▶ EXERCISE DETAILS:
The listing below holds pictures; exclude them. Return exactly the lines from the one with "德州鑫城特種油品有限公司地處" through the one with "favorites, currently. What".

▶ GIVEN ENTRIES:

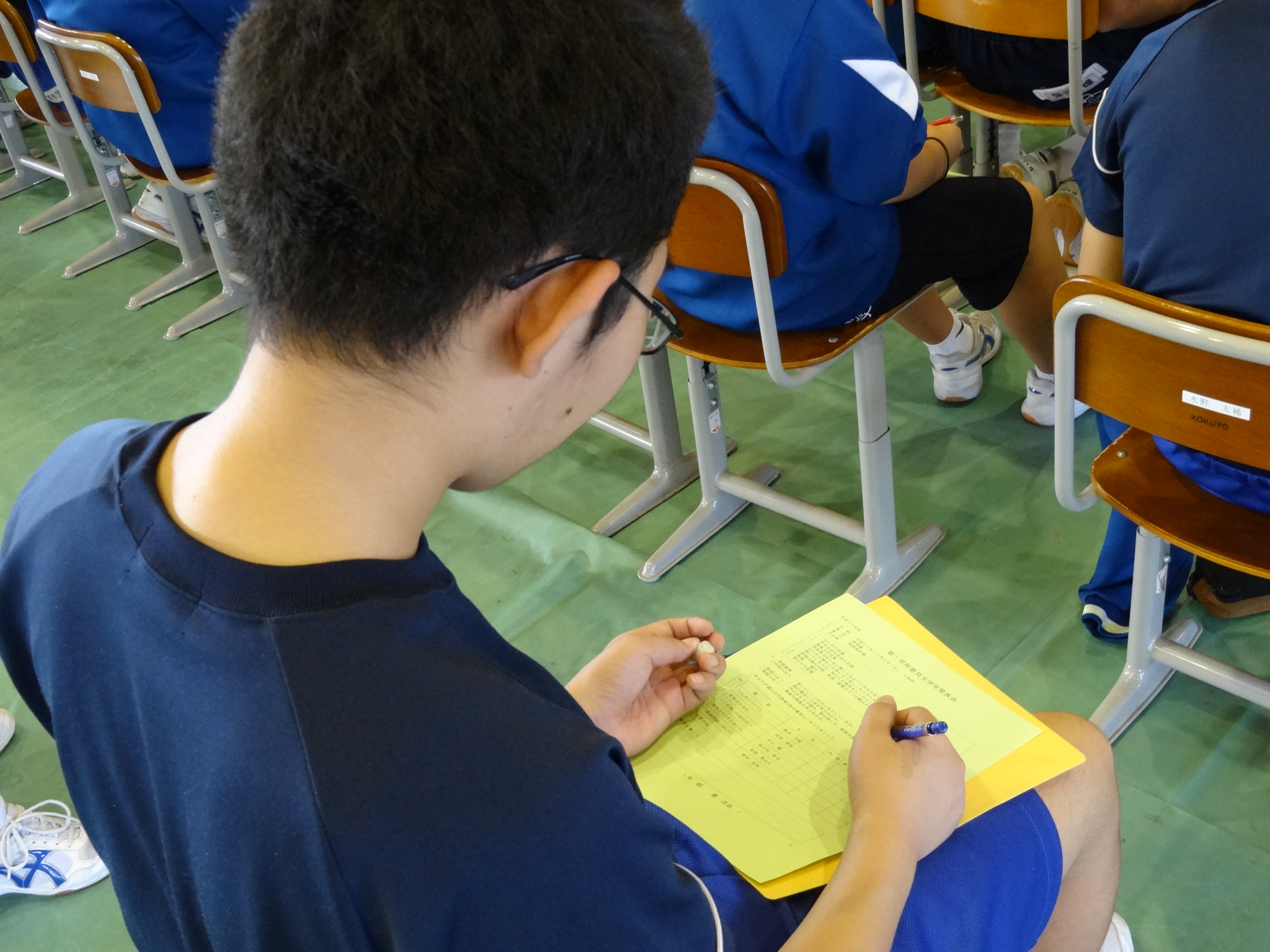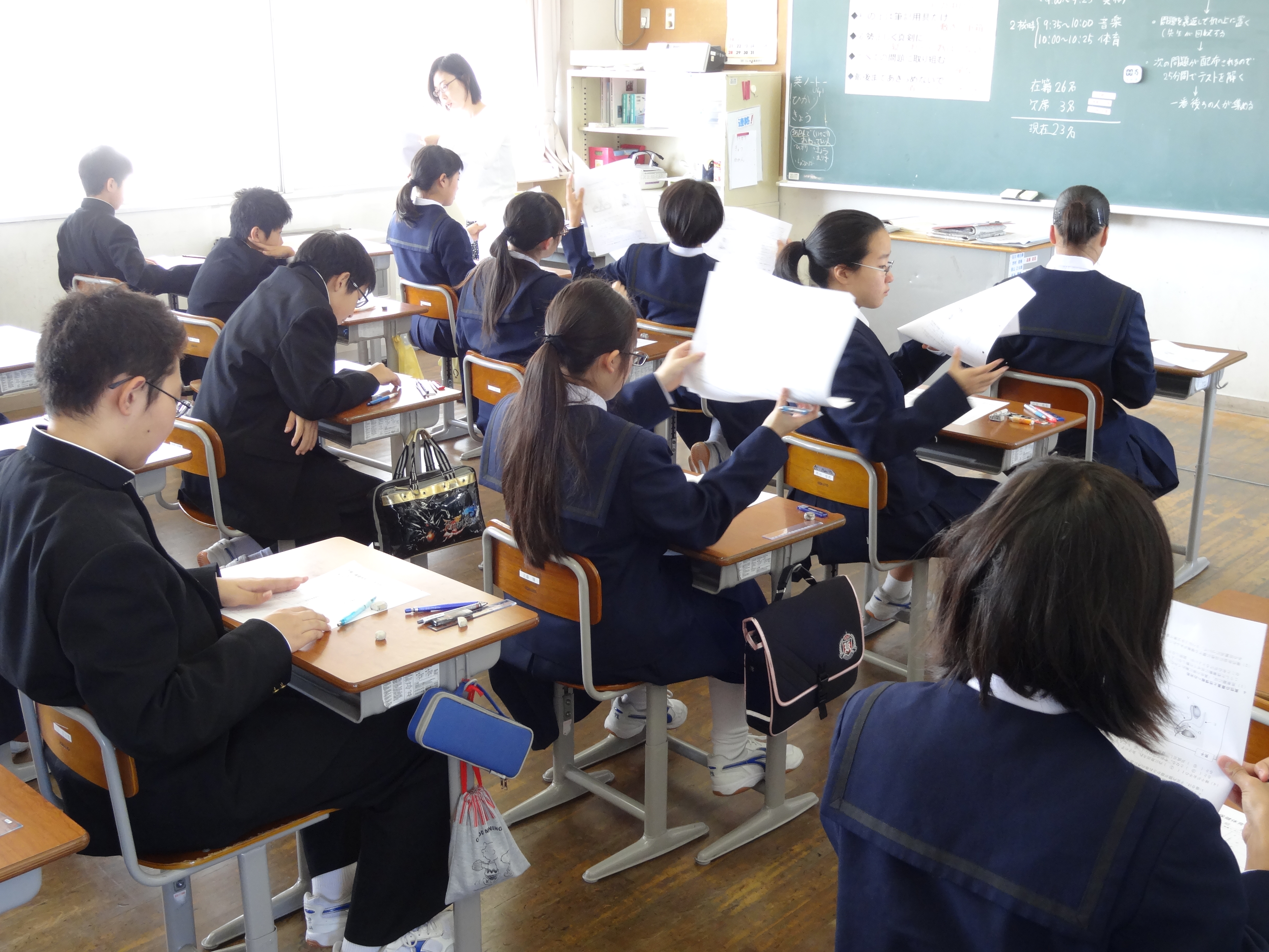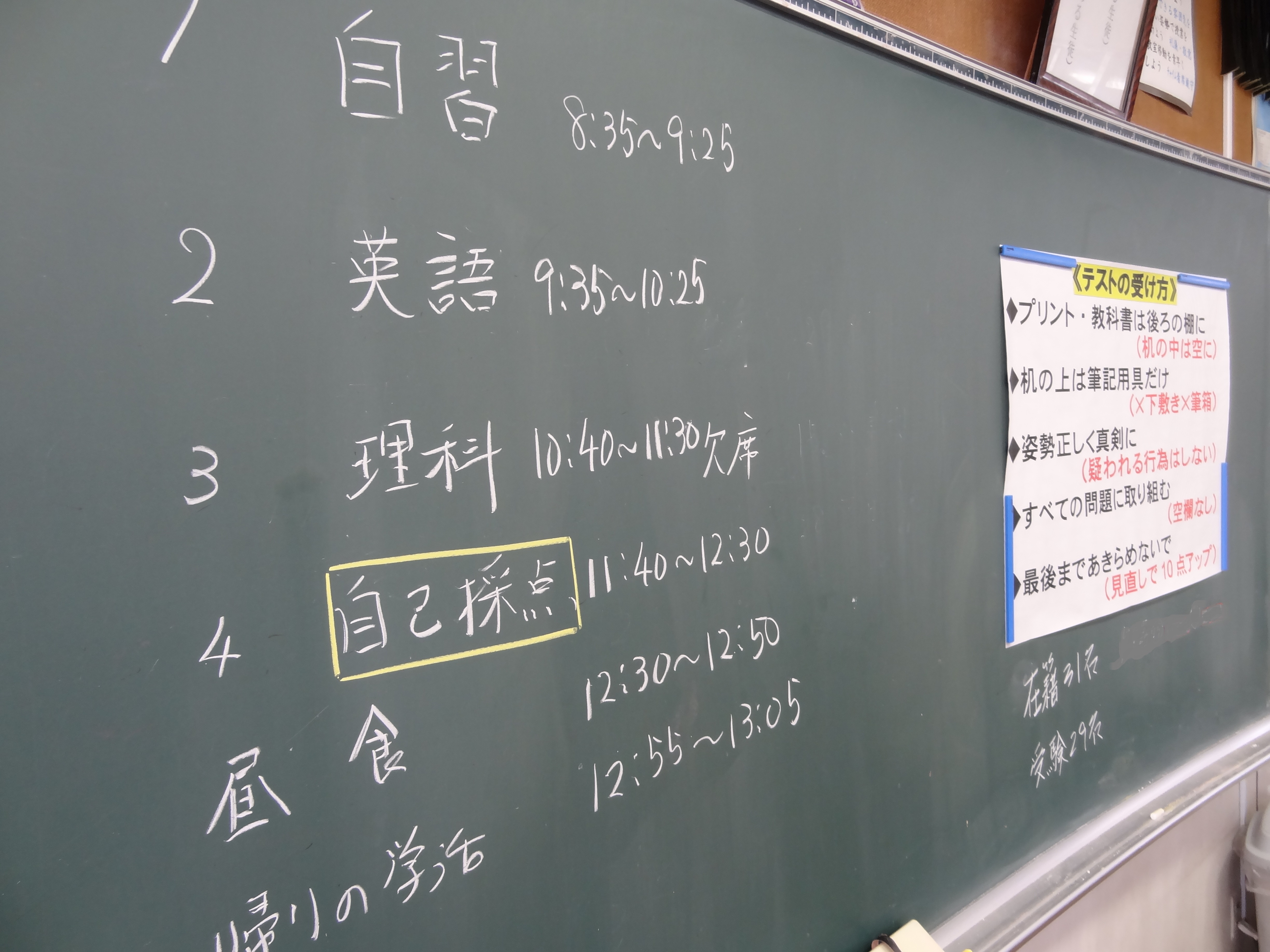 9月26日(水)・27日(木)、1・2年生が中体連岩瀬支部新人総合大会を行っている一方で、3年生は第3回実力テストを行いました。初日は3教科、2日目は残り2教科を行った後、自己採点をしました。前回のテストの自己採点では、1教科だけ1点違いで他の4教科は、自己採点と実際の得点がピッタリという生徒がいて、みんなが驚きました。そこで、今回の自己採点では全員が全教科ピッタリを目指し、テスト以上に真剣な眼差しで採点に臨んでいました。そして、自己採点の時間が終了すると、やはり後輩たちの試合結果が気になるようで、テスト監督の先生のもとに駆け寄り、試合結果を聞いている姿が印象的でした。
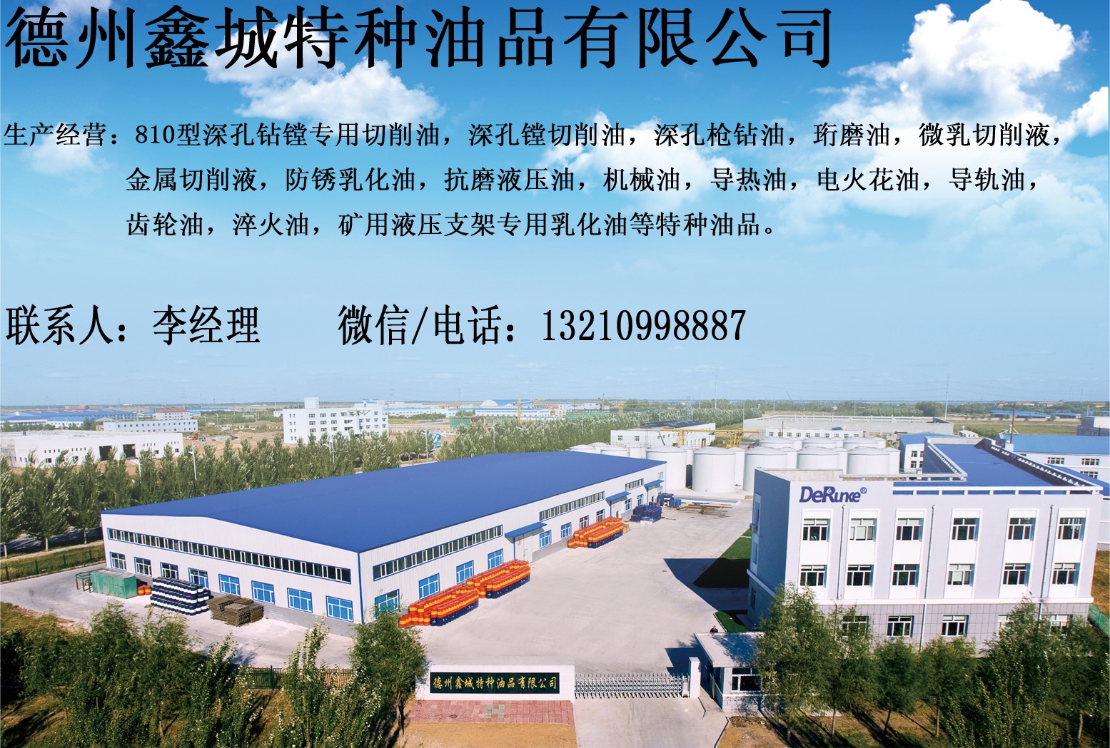 德州鑫城特種油品有限公司地處德州市德城區(qū)解放南大道932號(hào),是集生產(chǎn),經(jīng)營(yíng),信息咨詢?yōu)橐惑w的石油化工企業(yè)。專業(yè)生產(chǎn)各種型號(hào)深孔專用極壓切削油、深孔槍鉆油、珩磨油、乳化油、液壓油、切削液、防銹油、工業(yè)齒輪油等各種金屬加工用油(液)及礦用液壓支架專用乳化液(濃縮物),加工各種特種油品的專業(yè)廠家。
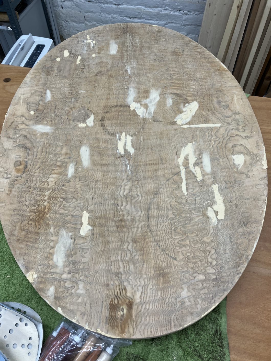 Der Besitzer dieses schönen Stückes hatte ihn jahrelang in der Garage stehen. Der Tisch wurde von seinem Großvater gebaut und war deutlich in die Jahre gekommen. Die wellenförmige schöne Furnier war geplatzt, in die Jahre gekommen, hatte Löcher und Wasserschäden. Wieder einmal ein aufwendiges Projekt.
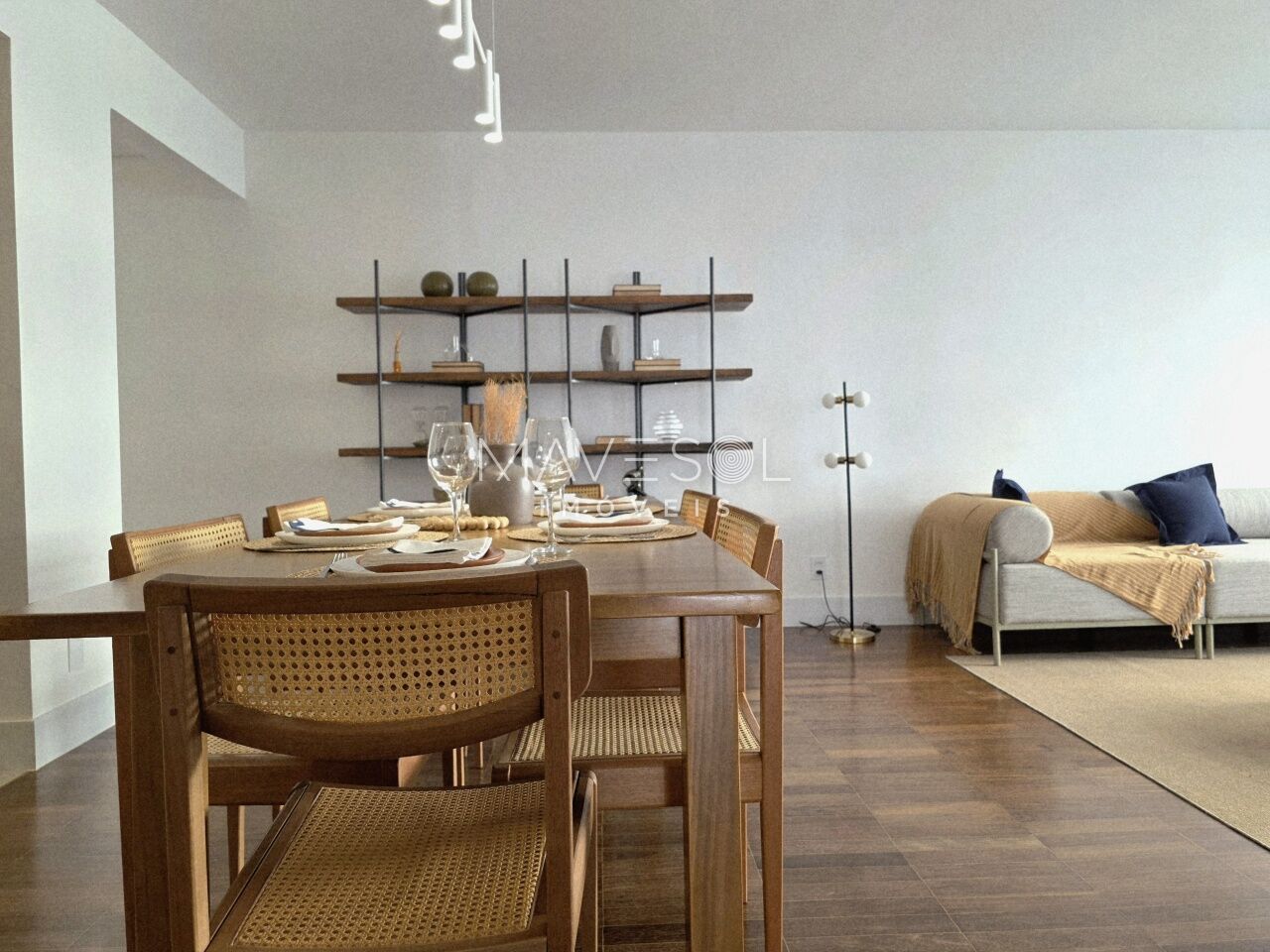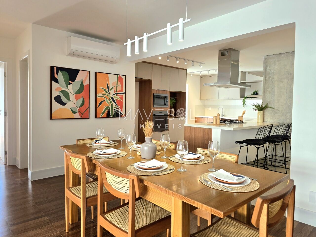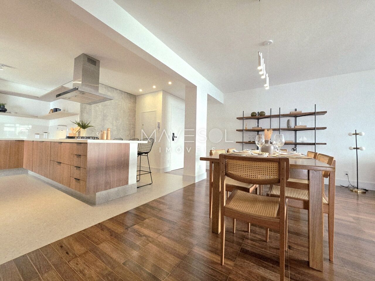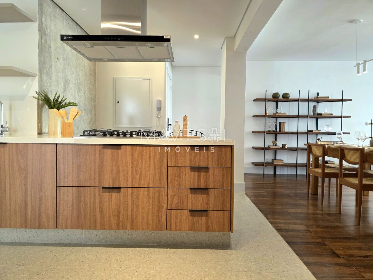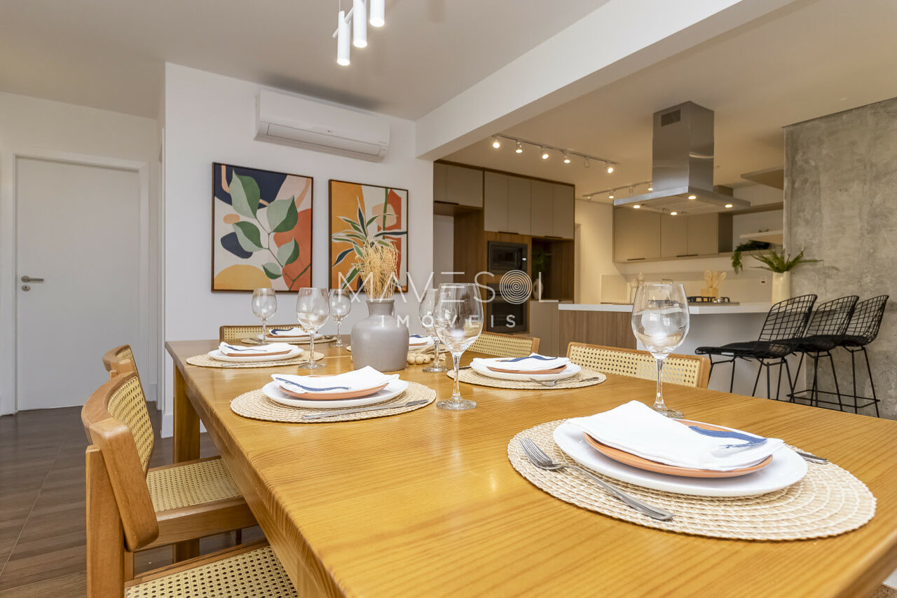 O piso da sala, no tradicional tacão de madeira Sucupira, foi finamente restaurado. O projeto é complementado por acabamentos de alto padrão, marcenaria sob medida na cozinha, área de serviço e banheiros, além de eletrodomésticos instalados (cooktop, coifa, forno elétrico) e aquecedor a gás.
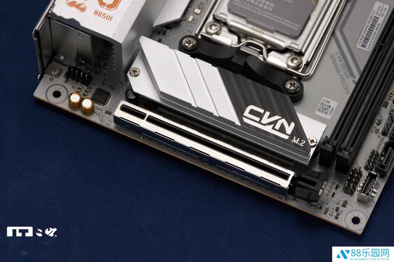 首先,从外观与设计来看,七彩虹CVN B850I GAMING FROZEN V14登陆舰主板延续了其军工主题的设计风格。外包装就透露出浓厚的工业风,打开包装后,主板本体更是以浅灰色PCB搭配黑色和银白色撞色金属装甲,加上标志性的橙色“85”数字,整体设计既硬朗又富有现代感,非常适合黑色或白色机箱。
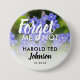 En knapp för vänner och familj till bära på en begravning med en bild av blått glömmer mig inte blommor med ord "GLÖM MIG INTE", som syftar på din älskade som har passerat med namn och dödens datum.
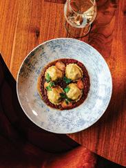 favorites, currently. What makes ours di erent … since we are veggie-forward and that’s what everybody’s come to expect from us, ours is not meat. So, we take kohlrabi, we slow cook it with miso and brown butter and let that go for 12 hours, then come back and compress it to let the vegetables set back up. A er that, we let it sit overnight, then come back in and slice it paper-thin on the slicer. So you get that initial texture that you would get from esh. But there’s a little bit of bite, to the point where you almost identify it as not meat, but it’s very interesting. We top that with a little lemon zest, Maldon [sea salt], smoked walnuts, and then basil oil around the side.”
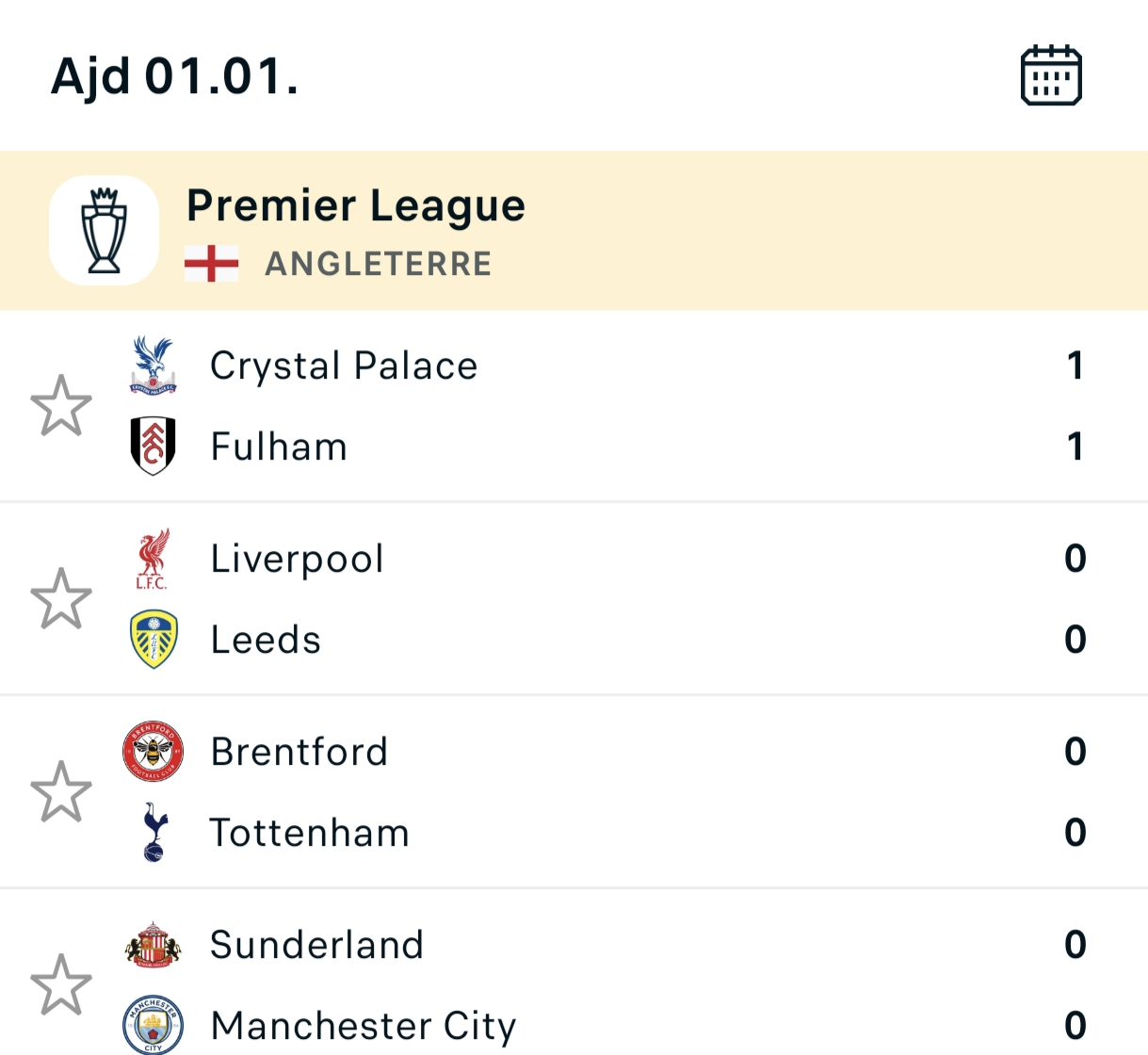 Première League, malheureusement les 0-0 sont rares mais bien présent. Difficile à prévoir avec de grosses écuries...
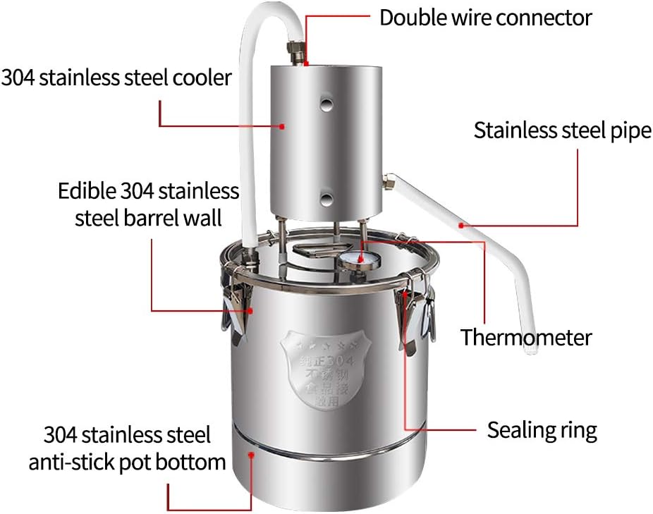 Product details1. Cooler: 304 stainless steel vertical pipe shunt cooler, high production cost, complicated process, one-time stamping and forming. Lifetime free renewal, using triple cooling, lower the wine temperature, mellow taste, and effectively reduce fusel oil.2. Circulating water: the lower interface is the water inlet, and the upper interface is the water outlet, which can ensure the rapid conversion of wine steam into wine to achieve the purpose of rapid wine output3. The main body of the equipment: It is made of food-grade 304 stainless steel, which is durable and can be used for up to 12 years. There are two handles that can bear 300 kg on both sides of the pot, and four quick bayonet bays make the seal more stringent.4. Steaming tray: Set a steaming tray slot at 10 cm inside the barrel, and put it into the steaming tray very tightly. It is very convenient for steaming grain or making solid. It is not suitable for grain to fall into the bottom of the barrel, with good stability and no deformation.5. Thermometer: when the temperature reaches about 85 degrees, turn on the water circulation system, and the wine will start to flow out. The greater the firepower, the faster the wine, the lower the firepower and the slower the wine. Control the firepower to let the wine flow out at a uniform rate.6. One-way exhaust valve: One-way valve is installed during fermentation, and one-half of water is added to it to ensure that during the fermentation process, only the air can be discharged but not the air.

▶ PROBLEM SOLUTION:
 德州鑫城特種油品有限公司地處德州市德城區(qū)解放南大道932號(hào),是集生產(chǎn),經(jīng)營(yíng),信息咨詢?yōu)橐惑w的石油化工企業(yè)。專業(yè)生產(chǎn)各種型號(hào)深孔專用極壓切削油、深孔槍鉆油、珩磨油、乳化油、液壓油、切削液、防銹油、工業(yè)齒輪油等各種金屬加工用油(液)及礦用液壓支架專用乳化液(濃縮物),加工各種特種油品的專業(yè)廠家。
 Der Besitzer dieses schönen Stückes hatte ihn jahrelang in der Garage stehen. Der Tisch wurde von seinem Großvater gebaut und war deutlich in die Jahre gekommen. Die wellenförmige schöne Furnier war geplatzt, in die Jahre gekommen, hatte Löcher und Wasserschäden. Wieder einmal ein aufwendiges Projekt.
 O piso da sala, no tradicional tacão de madeira Sucupira, foi finamente restaurado. O projeto é complementado por acabamentos de alto padrão, marcenaria sob medida na cozinha, área de serviço e banheiros, além de eletrodomésticos instalados (cooktop, coifa, forno elétrico) e aquecedor a gás.
 首先,从外观与设计来看,七彩虹CVN B850I GAMING FROZEN V14登陆舰主板延续了其军工主题的设计风格。外包装就透露出浓厚的工业风,打开包装后,主板本体更是以浅灰色PCB搭配黑色和银白色撞色金属装甲,加上标志性的橙色“85”数字,整体设计既硬朗又富有现代感,非常适合黑色或白色机箱。
 En knapp för vänner och familj till bära på en begravning med en bild av blått glömmer mig inte blommor med ord "GLÖM MIG INTE", som syftar på din älskade som har passerat med namn och dödens datum.
 favorites, currently. What makes ours di erent … since we are veggie-forward and that’s what everybody’s come to expect from us, ours is not meat. So, we take kohlrabi, we slow cook it with miso and brown butter and let that go for 12 hours, then come back and compress it to let the vegetables set back up. A er that, we let it sit overnight, then come back in and slice it paper-thin on the slicer. So you get that initial texture that you would get from esh. But there’s a little bit of bite, to the point where you almost identify it as not meat, but it’s very interesting. We top that with a little lemon zest, Maldon [sea salt], smoked walnuts, and then basil oil around the side.”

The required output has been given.